Word for word, please restate the line that contains "在径赛方面,我院运动员亦勇于" and all lines after it through the end of the material, minus the pictures.

▽

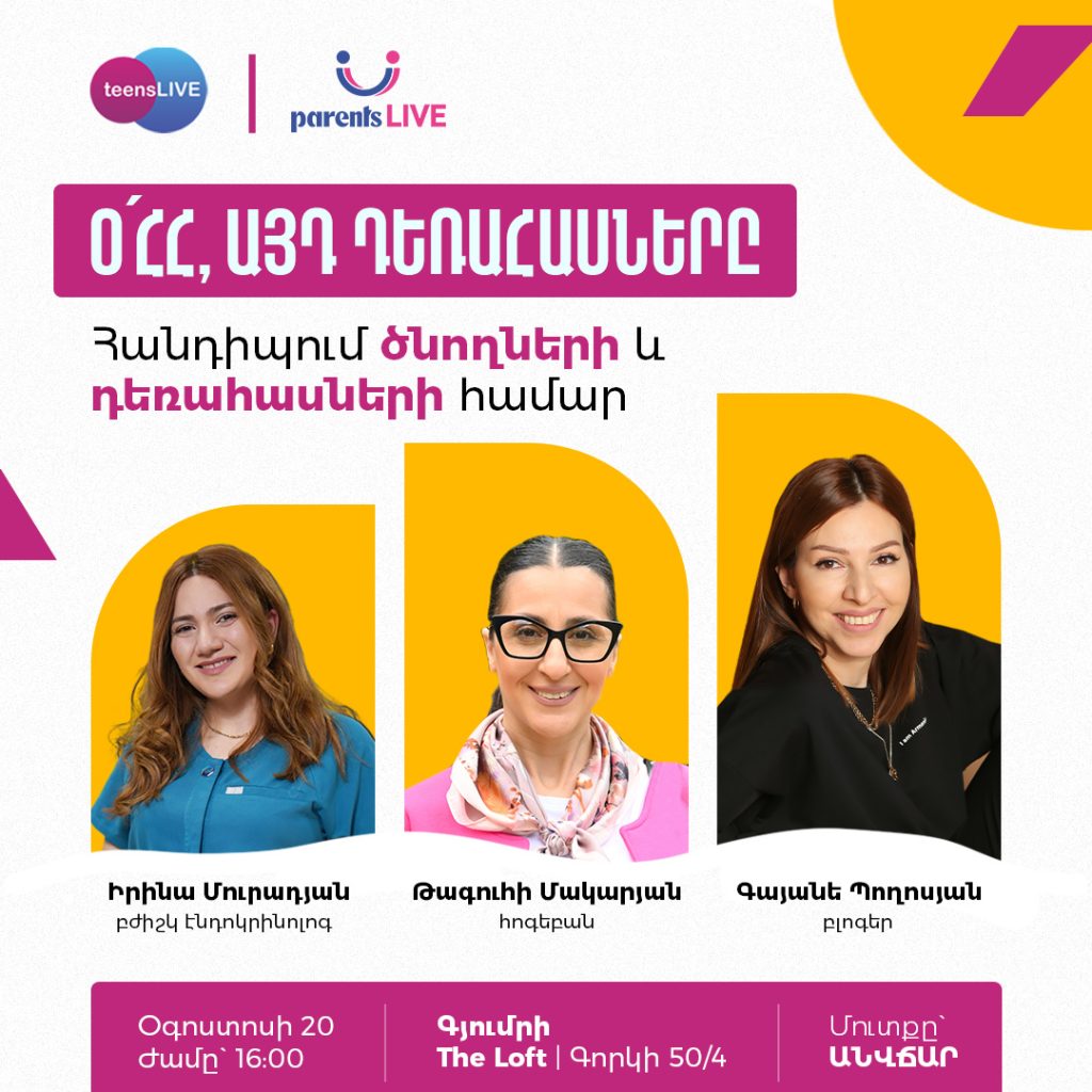 Մեր parentsLIVE.am կայքի, Facebook և Instagram հարթակների միջոցով ծնողները հնարավորություն ունեն օգտակար և հավաստի տեղեկատվություն ստանալ դեռահաս երեխայի ֆիզիկական և հոգեկան առողջության պահպանման վերաբերյալ։
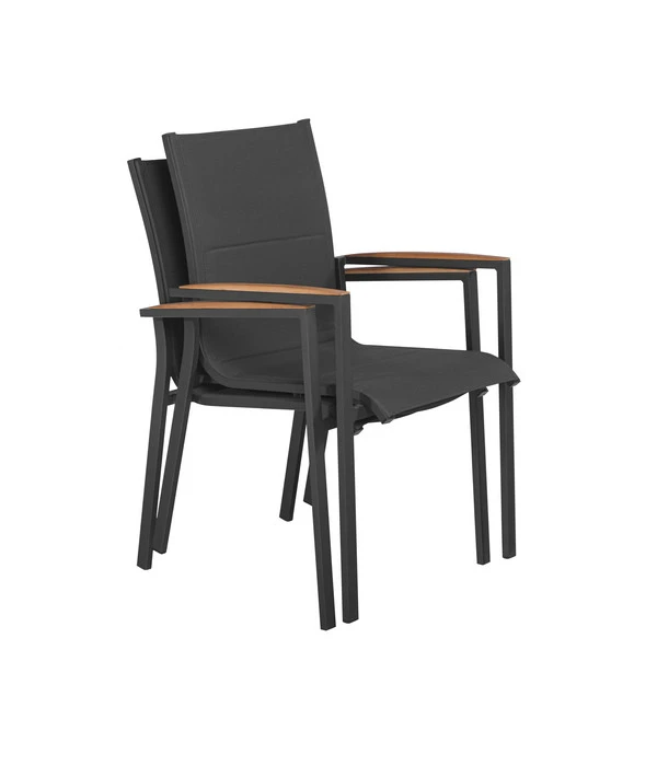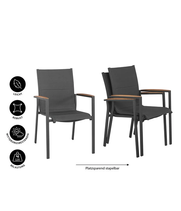 Die Anforderungen an moderne Gartenmöbel sind hoch und zahlreich. Denn sie sollen superpraktisch sein, man möchte bequem in ihnen sitzen und gut ausschauen sollen sie dabei auch noch. Das ist viel. Nicht aber für den Tierra Outdoor Stapelstuhl Foxx, der auf jeder Dimension mit Höchstleistungen punktet. Fangen wir mit dem Design an, das schlicht und modern ist, so wie man heute gerne hat. Der zeitgemäße Look wird auch durch die Materialwahl unterstützt, denn das Gestell des Gartenstuhls besteht aus Aluminium, die Bespannung auf dem Sitz und am Rücken aus dem inzwischen bewährten Funktionsgewebe Textilen. Gestell und Bespannung präsentieren sich in einem edlen Anthrazitgrau, zu dem die Armlehnen einen warmen Kontrastpunkt setzen, denn sie sind mit einer Auflage aus Teakholz versehen. Das Holz verleiht dem Stuhl die elegante Note und erhöht zugleich den Komfort, denn Holz fühlt sich nie unangenehm heiß oder kalt an. Erleben Sie bald wunderschöne Sommertage – in dem Tierra Outdoor Stapelstuhl Foxx!
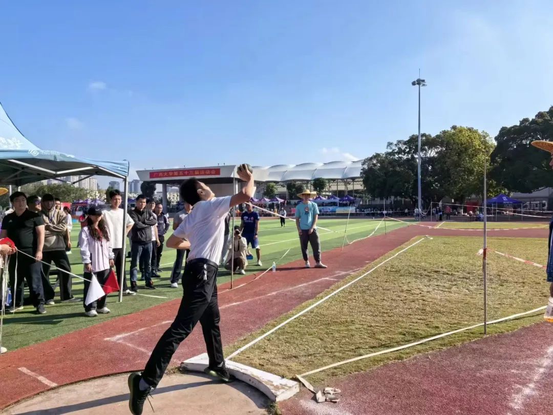 在径赛方面,我院运动员亦勇于争先取佳绩。他们的步伐快速有力,每一次迈步都充满力量和决心。在他们的眼中,胜利的终点线是他们唯一的目标,他们全力以赴去追逐。经过激烈的比拼后,我院李清华同学在女子1500米、女子800米比赛中分别取得了第1名、第3名,李广勇同学在男子100米比赛中取得第3名,向衡亮同学在男子800米比赛中取得第3名,邓俊龙同学在男子800米比赛中取得第4名,谢秉润同学在男子3000米比赛中取得第8名。
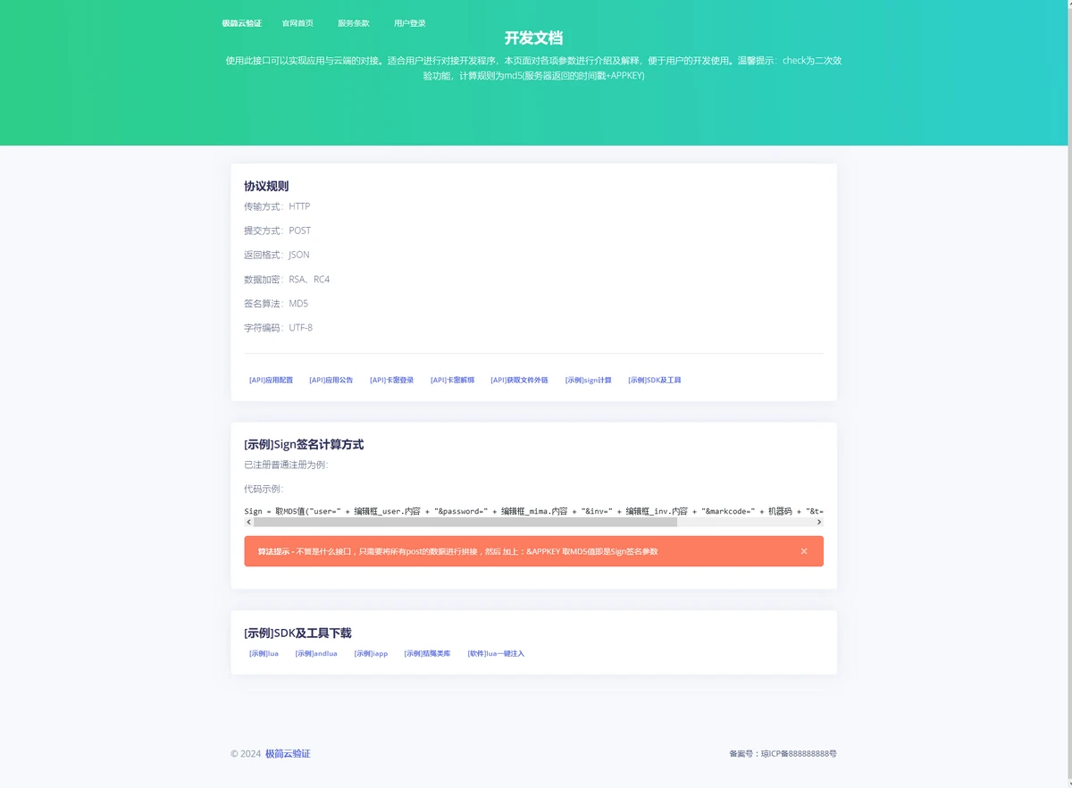 1,对接:详细的API文档,各种语言对接示例让您的接入更加简单
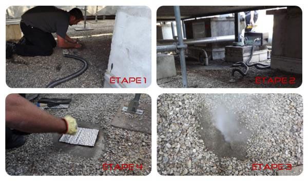 Nous injectons de la fumée sous pression sous le revêtement. Lorsque la fumée s’échappe elle signale une fuite. Une fois repérée, nous appliquons une rustine.
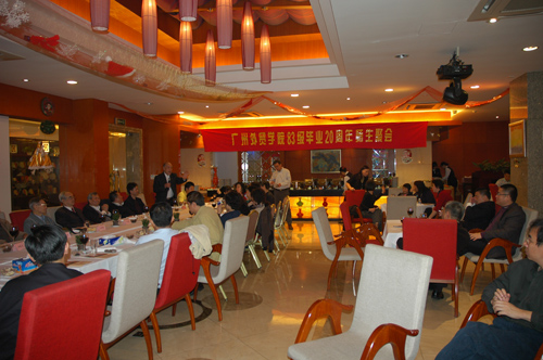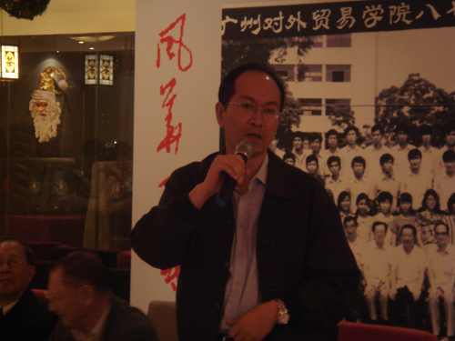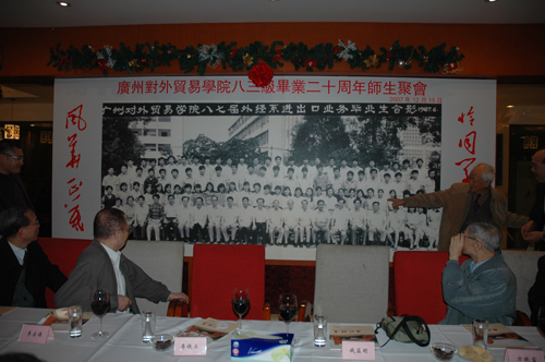 本网讯 12月15日,原广州外贸学院的42名83级校友在阔别了20年之后,再度聚首羊城,与恩师齐聚一堂,畅谈求学往昔,共叙真挚情谊。聚会在广州中央海航酒店举行。经贸学院院长李铁立、副院长林吉双、党总支副书记康为茂,前外贸学院钱益明院长、方振富副院长及多名老教师应邀出席了本次聚会。

△

Completed exercise
 在径赛方面,我院运动员亦勇于争先取佳绩。他们的步伐快速有力,每一次迈步都充满力量和决心。在他们的眼中,胜利的终点线是他们唯一的目标,他们全力以赴去追逐。经过激烈的比拼后,我院李清华同学在女子1500米、女子800米比赛中分别取得了第1名、第3名,李广勇同学在男子100米比赛中取得第3名,向衡亮同学在男子800米比赛中取得第3名,邓俊龙同学在男子800米比赛中取得第4名,谢秉润同学在男子3000米比赛中取得第8名。
 1,对接:详细的API文档,各种语言对接示例让您的接入更加简单
 Nous injectons de la fumée sous pression sous le revêtement. Lorsque la fumée s’échappe elle signale une fuite. Une fois repérée, nous appliquons une rustine.
 本网讯 12月15日,原广州外贸学院的42名83级校友在阔别了20年之后,再度聚首羊城,与恩师齐聚一堂,畅谈求学往昔,共叙真挚情谊。聚会在广州中央海航酒店举行。经贸学院院长李铁立、副院长林吉双、党总支副书记康为茂,前外贸学院钱益明院长、方振富副院长及多名老教师应邀出席了本次聚会。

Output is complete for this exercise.